Sikh fundamentalist: a Sikh who believes in the fundamentals of the Sikh religion, namely belief in one God, earning by one’s own efforts, helping the less fortunate, religious tolerance, equality of women and universal human brotherhood.

Sikh fanatic: Alternative for Sikh fundamentalist. I. G. Factor: A “multiplier” of 10. Used by Indira Gandhi and Indian government watchers, and based on experience in Kashmir, Assam and elsewhere, to convert press release figures to something approaching reality. For example, the initial Indian government figure of 250 deaths in the Golden Temple converts to 2,500. Eyewitness reports fear that this may be an understatement.

Minimum use of force: “We went in with prayers on our lips” says an Indian General. It is now being reported that the Army was given instructions not to take any prisoners. The coldblooded slaughter of men, women and children.
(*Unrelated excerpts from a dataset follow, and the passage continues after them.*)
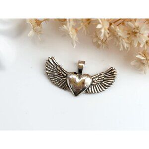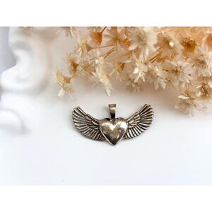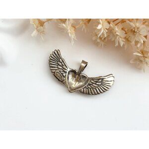 Gorgeous winged heart pendant. Hand carved piece. Winged are particularly lovely with incredible detail. Marked as 925 on the posterior. Tiny and pretty.
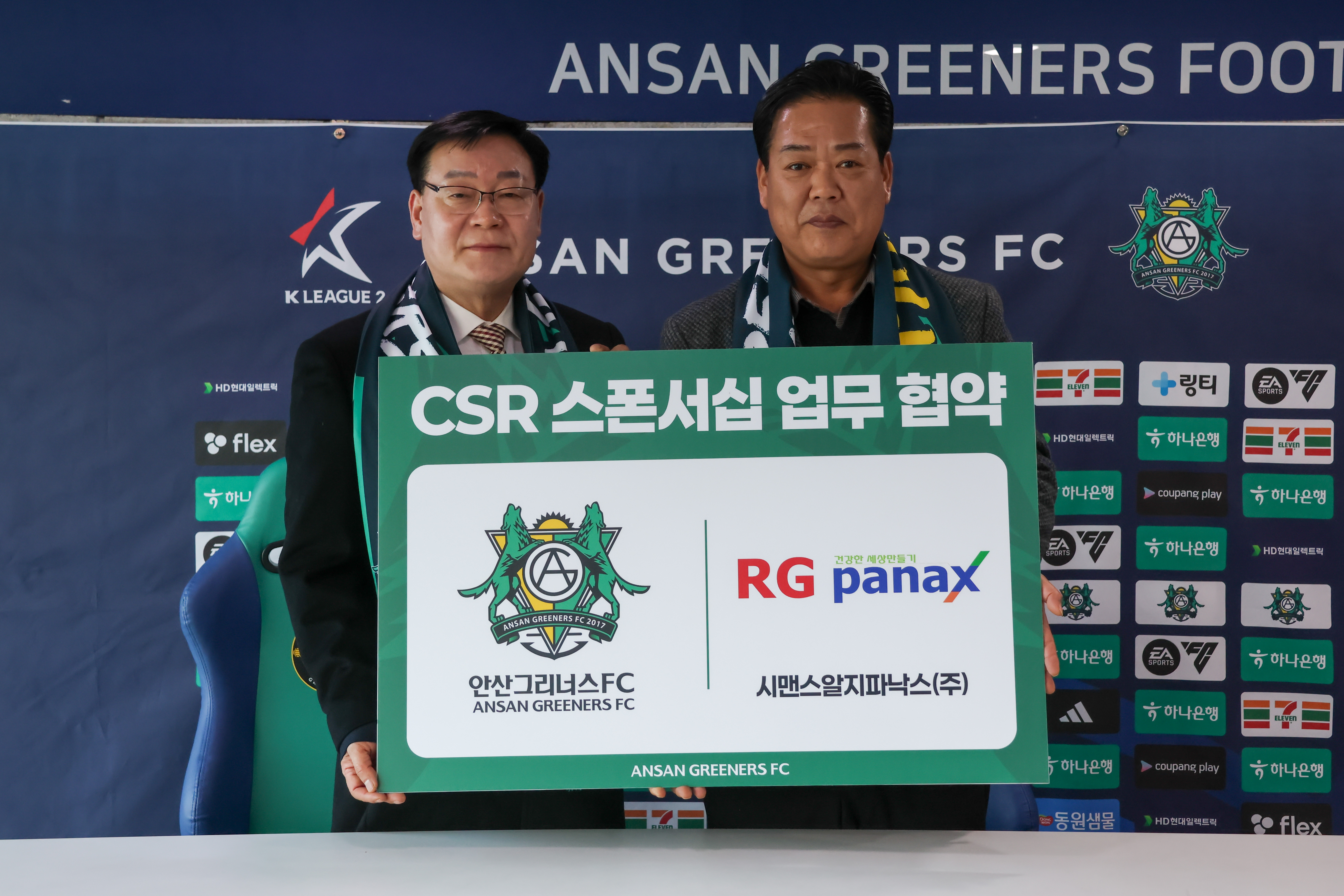 이날 협약식에는 알지파낙스 황진수 대표이사와 박서진 이사, 안산그리너스FC 김정택 단장, 최상익 사무국장, 이제영 대외협력팀장이 참석해 자리를 빛냈다. 이번 협약은 지역사회 연계 및 공익 활동을 중심으로 한 CSR 스폰서십 추진을 목표로, 팬 대상 프로그램과 홈경기 연계 활동 등을 통해 지역사회에 기여하고자 마련됐다.
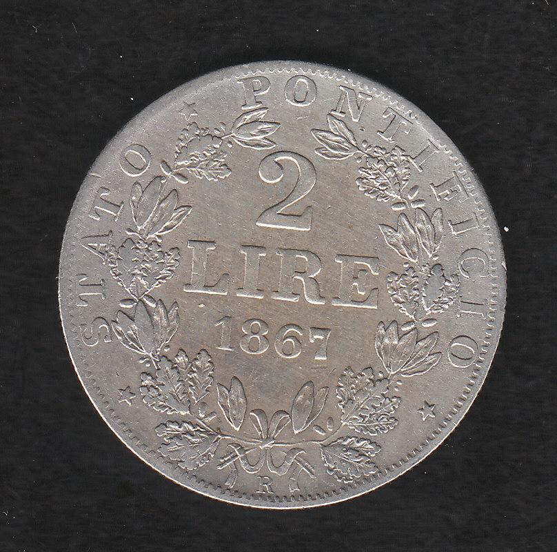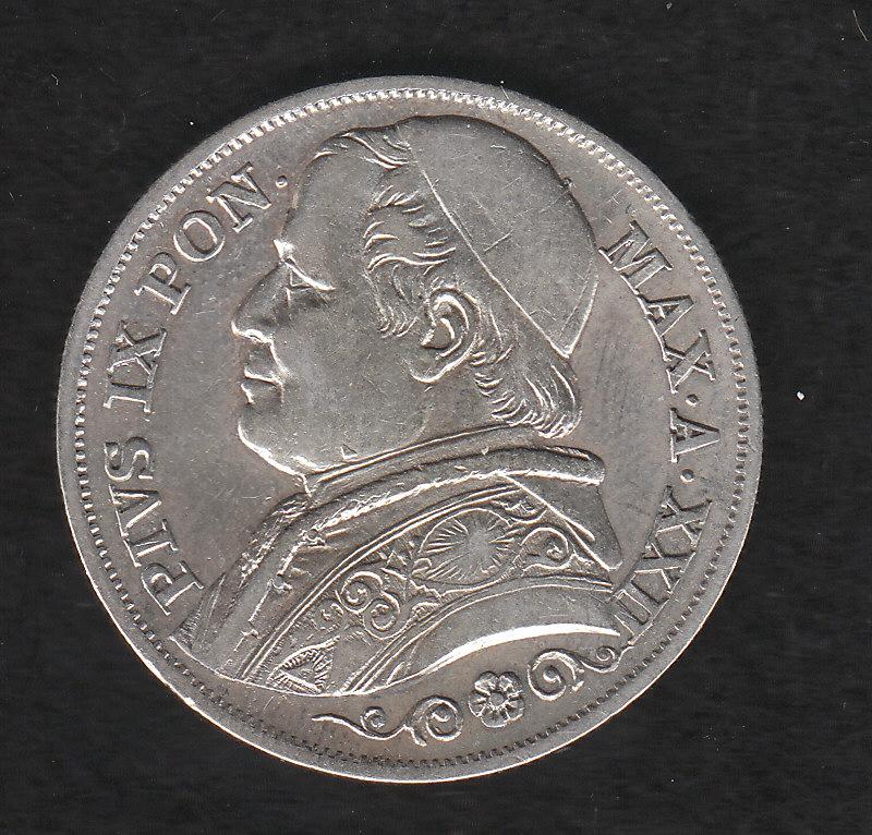 VF, silver; Pius IX, yr XXII; KM 1379.2

No alternative: The use of any or all the following clichés to justify excessive use of force-discovery of stockpile of sophisticated weapons; arsenals; bomb factory; involvement of a foreign power, CIA, etc. In the interests of national security: In the interests of Indira Gandhi and family.

Democracy: The inalienable right of a majority to crush minorities. Rule by Indira Gandhi and family, for Indira Gandhi and family.

Indarjit Singh is the editor of the Sikh Messenger, and a member of the religious advisory committee of the United Nations Association.